There’s still a lot of runway left, however. “We’re still 50,000 houses short for the community,” says Kelleher, noting the explosive growth Columbus anticipates in the coming years.

Other cities have followed suit. Boston Medical Center made a $6.5 million “community improvement” investment in 2017 as part of its larger plan to expand. BMC is investing in various projects, including funds for affordable, equitable housing as well as funding for community health workers to work directly in Boston’s housing developments, says Dr. Megan Sandel, one of the leaders of BMC’s housing initiative. 

According to Sandel, just 10 to 20 percent of health is determined by the type of health care received. The social determinants of health, such as where you live and your environment, are likely to have a much greater impact. 

BMC’s investments don’t go to site-specific housing directly — instead, they support organizations that work on housing and homelessness, including Boston Housing Authority. “Early evidence shows, by helping medically complex patients who were homeless, we’re seeing improvement in both their mental and physical health,” says Sandel.

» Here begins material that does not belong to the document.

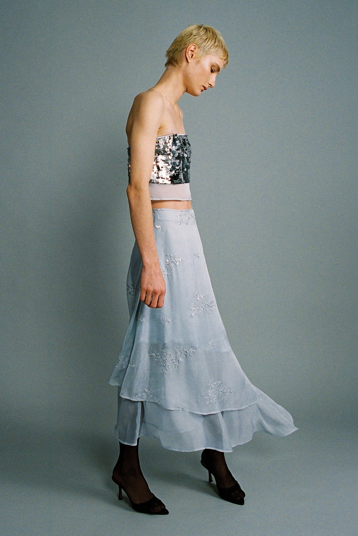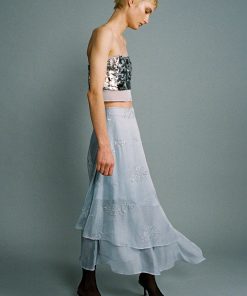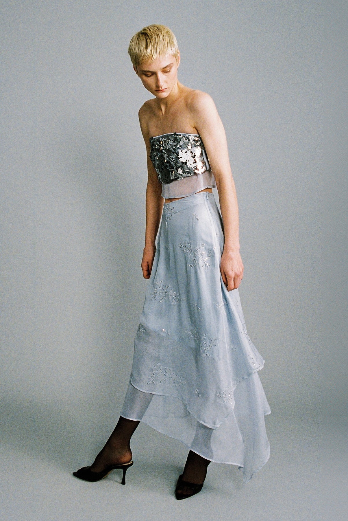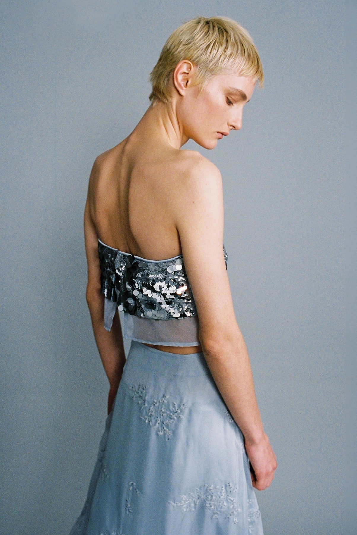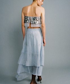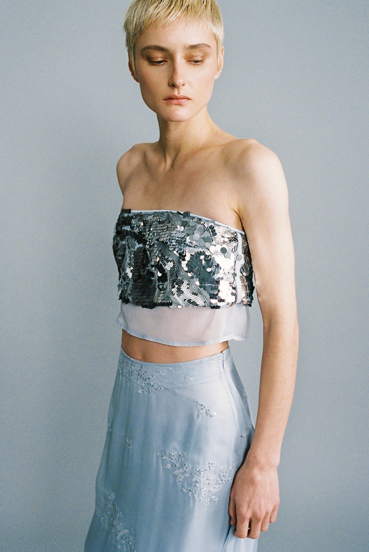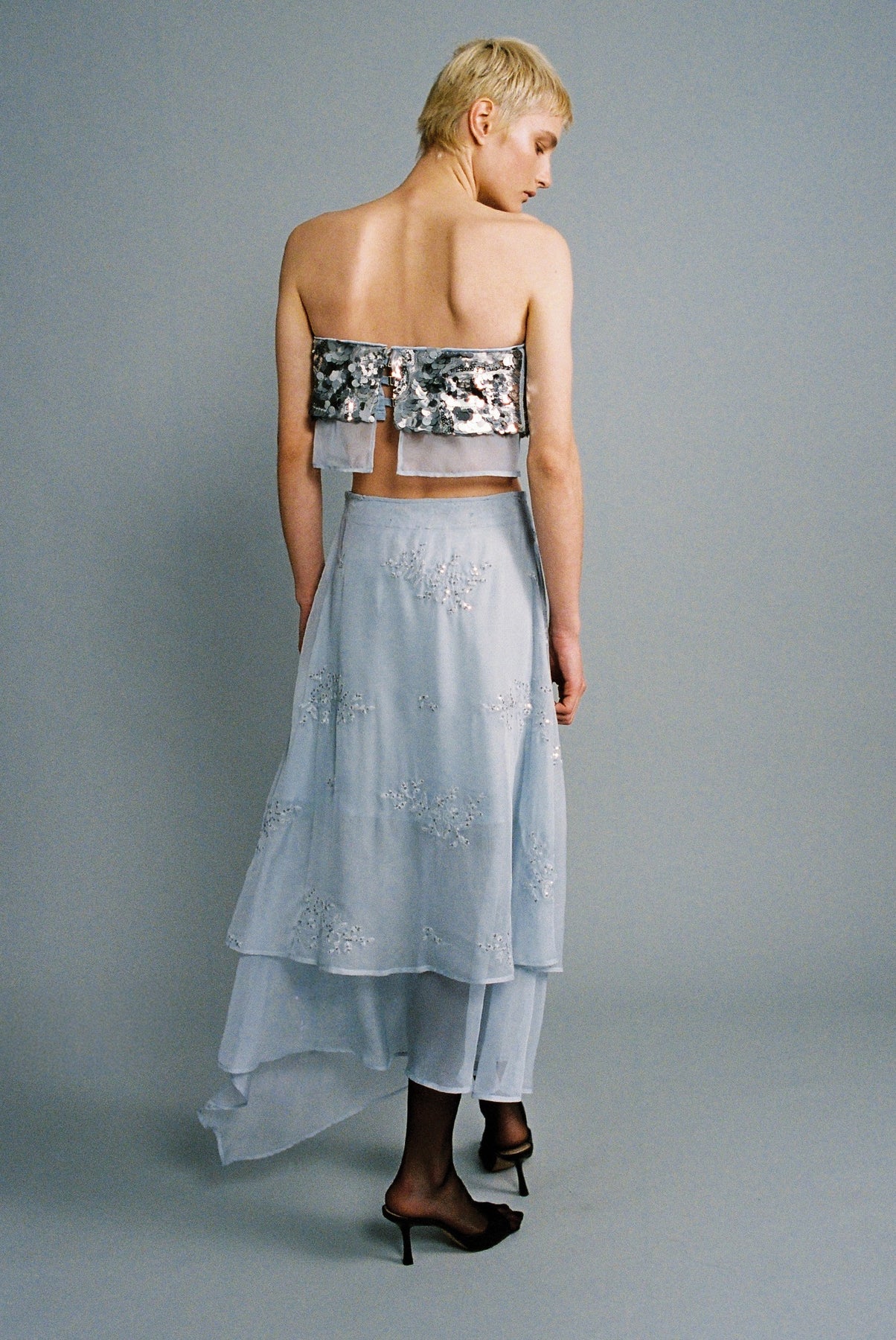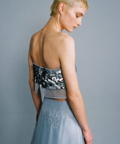 Gradient sequins on chiffon strapless crop top.

The project is still quite new, and data has not been published yet, but the early evidence is positive. Sandel is looking forward to more conclusive results in years to come.

A race against recession

“We believe that [HNHF] will buffer that neighborhood” from the economic fallout caused by the coronavirus — “as long as we can maintain it,” Kelleher says of Columbus’s south side. “What I’m not clear about is what will happen to the system overall. If children are hospitalized at a much greater rate, it could overwhelm our system and we’ll have a negative year, financially, with insurance companies paying a lot more.” 

If that happens, Kelleher worries that the hospital will be compelled to refocus its diminished resources away from housing and back onto sick care.

“The health effects of the economy are far more profound on kids and their families than maybe even the virus,” he says. “If we don’t figure this out, we’re going to spend the next 20 years making up lost ground, on a whole generation of children. Do we retreat? Or think about these programs intentionally and address where they are most needed?”

It’s ironic that the coronavirus threatens to derail an initiative specifically aimed at improving the spaces where people are currently quarantined to avoid that very pandemic. Still, if the funding can outlast the current crisis, the idea may continue to catch on. Boston Children’s Hospital is following BMC’s lead, and has set aside $5 million for housing. In a report, WBUR noted that Massachusetts “spends about 40 percent of its money on health care, and one percent on housing. If health care leaders start speaking out about the need for more and better housing… that could help change the ratio in the long term.”